___ Data below

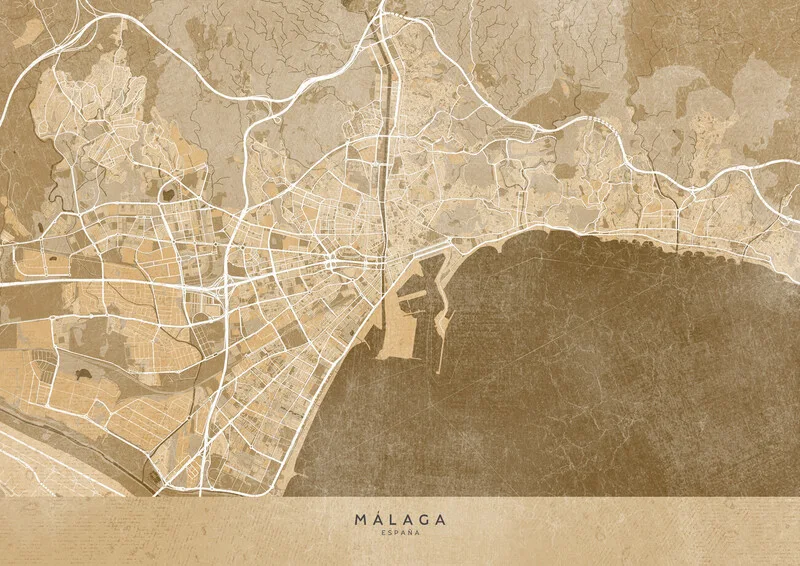 Samolepka Map of Málaga (Spain) in sepia vintage syle
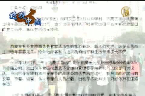 【新唐人亞太台2010年8月28日訊】中國內蒙古克什克騰旗出租車司機因不滿當地出租車公司壟斷經營權,收取高額的費用,7月25日集體到政府部門請願途中遭攔截,在沒有得到滿意的答覆下,269輛出租車已經集體罷運一個月。
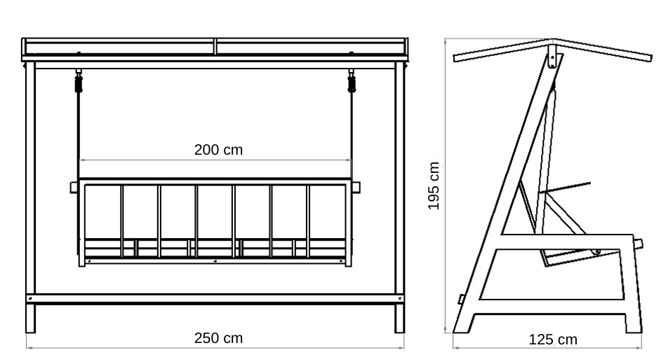 | SLC-02 BÜYÜK BOY AHŞAP SALINCAK | | 1. Sınıf Çamdan İmal Edilmektedir. | | Salıncak Genişliği | Salıncak Derinliği | Salıncak Yüksekliği | | 260 cm | 147 cm | 195 cm | | Oturma Genişliği | Oturma Derinliği | Sırt Yüksekliği | | 162 cm | 64 cm | 69 cm | | 17.000,00 TL + KDV | Ürünlerimiz demonte olarak sevk edilmektedir. Nakliye ve Montaj bedeli hariçtir. | |

______

Assignment:
Would it be possible to reproduce the material word for word, images omitted?

Answer box:
 Samolepka Map of Málaga (Spain) in sepia vintage syle
 【新唐人亞太台2010年8月28日訊】中國內蒙古克什克騰旗出租車司機因不滿當地出租車公司壟斷經營權,收取高額的費用,7月25日集體到政府部門請願途中遭攔截,在沒有得到滿意的答覆下,269輛出租車已經集體罷運一個月。
 | SLC-02 BÜYÜK BOY AHŞAP SALINCAK | | 1. Sınıf Çamdan İmal Edilmektedir. | | Salıncak Genişliği | Salıncak Derinliği | Salıncak Yüksekliği | | 260 cm | 147 cm | 195 cm | | Oturma Genişliği | Oturma Derinliği | Sırt Yüksekliği | | 162 cm | 64 cm | 69 cm | | 17.000,00 TL + KDV | Ürünlerimiz demonte olarak sevk edilmektedir. Nakliye ve Montaj bedeli hariçtir. | |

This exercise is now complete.